More than 3,500 churches across Britain have switched their electricity to renewables or are planning to do so, according to data released on Thursday. This includes the majority of Salvation Army sites, a third of Quaker meeting houses and about 2,000 churches belonging to 16 Catholic dioceses. This is a small proportion of the 50,000 Christian churches across the UK. The Financial Times also covers the news.
Comment.
First came the “viral spiral”. Now climate scientist Ed Hawkins has created another climate change graphic, this time a series of 167 maps, which altogether show how the world has warmed since the 1850s. Climate Central looks at how the maps were put together, and what they show about the planet.

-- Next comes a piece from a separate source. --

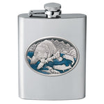 This 8 ounce stainless steel flask is embellished with a fine pewter casting. Assembled in USA.
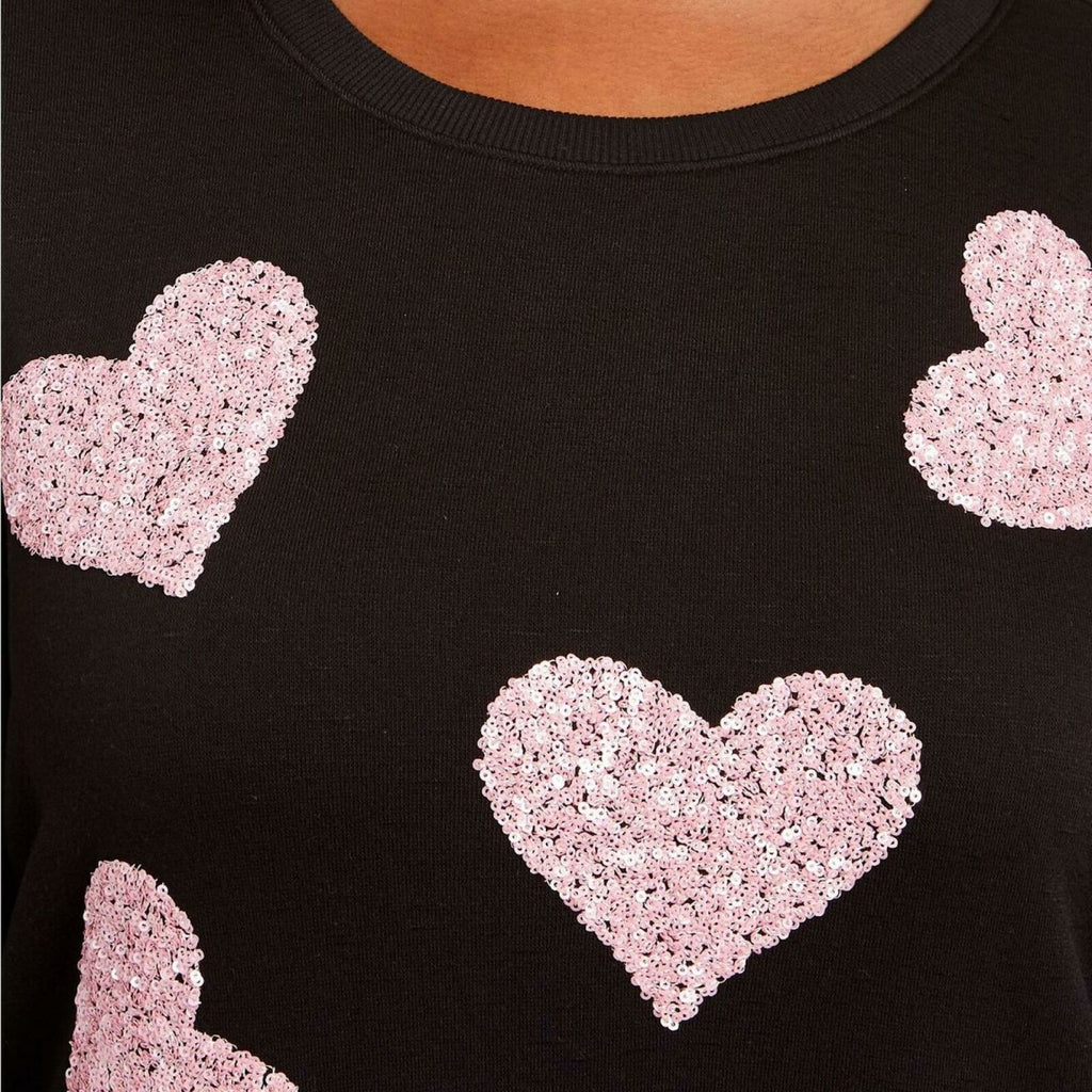 Sequinned hearts at front; ribbed neckline, cuffs and hem

Michael Liebreich and Angus McCrone of Bloomberg New Energy Finance predict a bright future for the electric car. But complex shifts like this would be always have knock-on effects to other industries, they argue. The flip to a new way of transportation will also impact sectors such as the electricity system, oil companies and road infrastructure.
Science.
A new study examines what the presence of bioenergy with carbon capture and storage (BECCS) in a world committed to limiting climate change to 2C means for fossil fuel use, carbon prices and food prices. Widespread adoption of the technology allows the continued use and export of fossil fuels, the study finds, and reduces the upward pressure on food prices by lowering carbon prices and reducing the total biomass demand in climate change mitigation scenarios. Nevertheless, the authors warn many technical and institutional challenges need to be addressed before BECCS can be deployed at scale.